- Born: Antonio Videgain Reparaz January 11, 1892 Madrid, Spain
- Died: June 1, 1945 (aged 53) Panama City, Panama
- Education: Militar High School
- Alma mater: Academy of engineers
- Occupations: baritone, actor, singer
- Years active: 1907–1945
- Political party: Republican

= Antonio Videgain Reparaz =

Antonio Videgain Reparaz (November 1, 1892 – June 1, 1945) was a Spanish baritone and actor. He dedicated his career to zarzuelas and operas.

==Early life==
Videgain was born in Madrid son of Antonio Videgain García, (Jerez de la Frontera), and Virgilia Reparaz (Madrileñian) and spent his childhood and adolescence in Madrid. He grew up in the Royal Palace of Spain where his mother was a governess of the Borbon Family (King Alfonse XIII) and under the strict supervision of his Uncle and Tutor Ricardo Burguete, General in Chief of the Supreme Council of War of the Spanish Armed Forces, who was married to the sister of his mother. He began music lessons with his father, Antonio Videgain García (Piano teacher), and continued his education with other composers. By the age of 18, he was enrolled in the Spanish Army, where he completed studies as a surveyor. Apparently he made his debut in 1907 in the Slavic Theater in Madrid singing an operetta with good results, but after a while he entered the army's surveying school. He founded a singing operette (musical) and zarzuela company, making his debut in Andalucía with a production of Rafael Calleja. Music was in his veins, inherited from his Father and his uncle, the famous Salvador Videgain Garcia. After military graduation, he traveled to Argentina and Chile and then returned to Spain on different occasions with works of different zarzuelas with which he had great success in his tours through South America, Argentina, Uruguay and Chile. He returned to Chile where he married and had six children in total, of which five survived. From a second relation with his singing partner he had two more, HERMINIA born 1929 in Barcrlona & Mauricio Videgain born in N Africa following the occupation by Franco. a second marriage in Panama, he had one more son. According to "those who have seem him conduct and have transmitted to us the memory of his performances of great strength and great enthusiasm. he obtained with imperceptible gestures what he wanted from the orchestra." fitz of his sense of rhythm and easy melodies.

==Works==
In 1925, he sang in the famous Teatro Colon of Buenos Aires. Following the success of his pieces, he set to music another sainete with the same characters, which became one of his most famous works: Molinos de viento (Zarzuela), or La viuda alegre. He presented his work around the world and visited cities of Argentina as Cordoba, Buenos Aires, La Pampa, Misiones... He traveled to Uruguay in 1920s with zarzuelas, returned to Chile, where he divorced his first Chilean wife. In the early 1930s, he began a tour with his artistic partner Lucy Gomez visiting Spain, Morocco, Algeria, Buenos Aires, Montevideo, Caracas, Bogotá. In 1932 he sang in the company of his uncle Salvador, at the Cervantes theater in Madrid, debuting with La rosa del azafrán. (He was never in New York and Mexico as someone wrote but travel a Puerto Rico in 1932 where he sang). And in 1934, he arrived to Panama where he settled and founded in 1936 the first Songs Book of Latin América that he named "Cancionero Panamericano", that was edited until 1979, after his death. He married in 1943 for the second time at 50 years.
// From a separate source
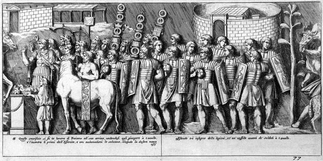 Fight scenes from the Dacian-Roman wars, derived from Trajan's Column and Tropaeum Traiani. Eitching, Rome, 1667
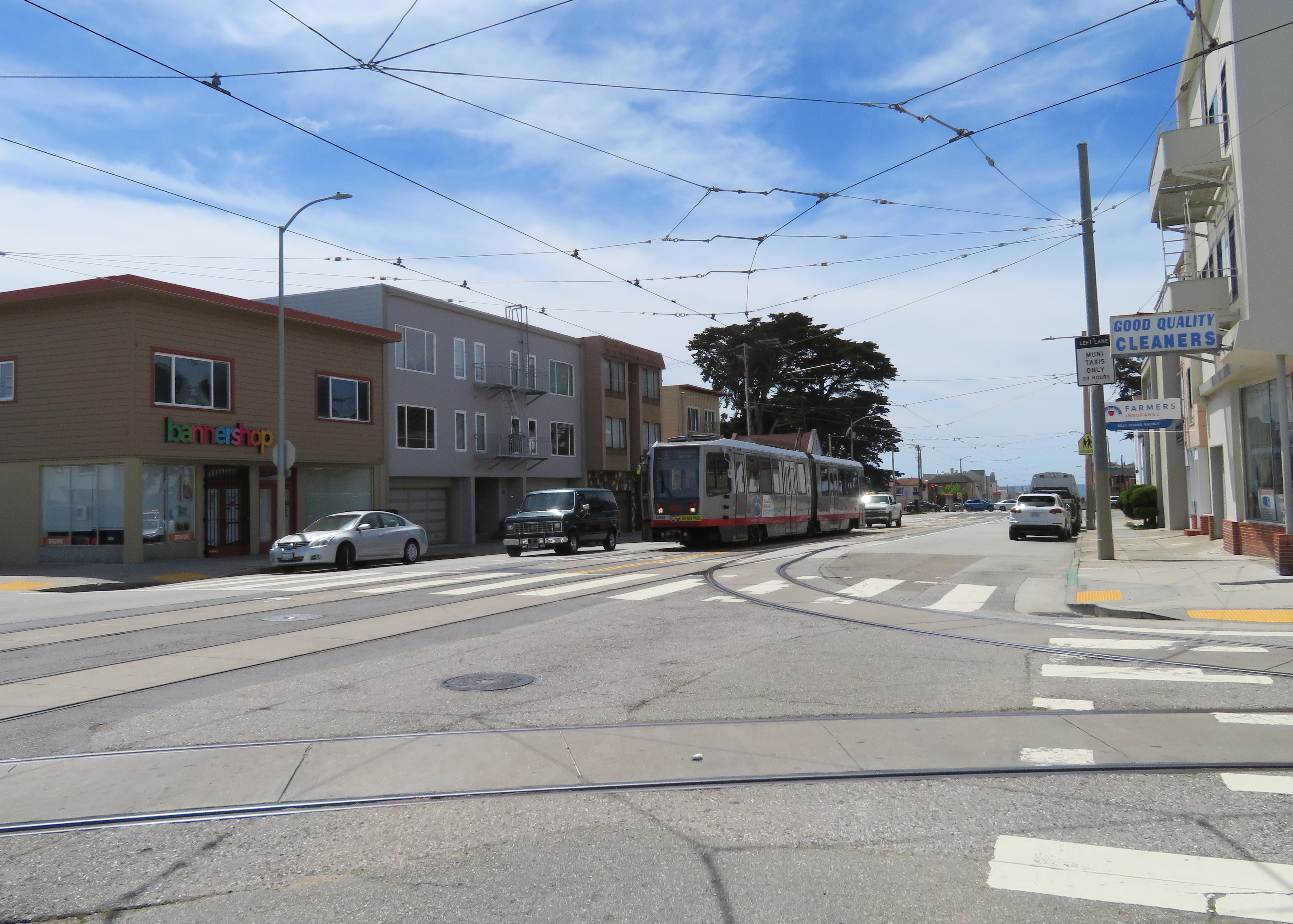 An inbound train stopped at Taraval and 35th Avenue in May 2018. The stop was discontinued earlier in the year; this train was short-turned at the crossover just west of 35th Avenue and was waiting before proceeding inbound.

The most famous titles he sang were Marina, La Revoltosa, La alegría del batallón, La manta zamorana, La reja de la Dolores, El arca de Noé, El trust de los tenorios, La verbena de la Paloma, El niño judío, El Pollo Tejada and many more zarzuelas... and some Óperas like Marina, La Dolores, Margarita la Tornera, Turandot and Aida.

==Later life==
He visited his famous family in Spain, his grandmother Antonia García de Videgain, and his uncle Salvador Videgain were more important for him in the 1920s. He left Spain in 1934, never to return again, because of the Civil War of Spain. Towards the end of his life Videgain lived comfortably. One of his sons was Dr. Mauricio Antonio, who died in 2020.

He died on September 19, 1945, in Panama City, Panama. His descendants live around all Americas.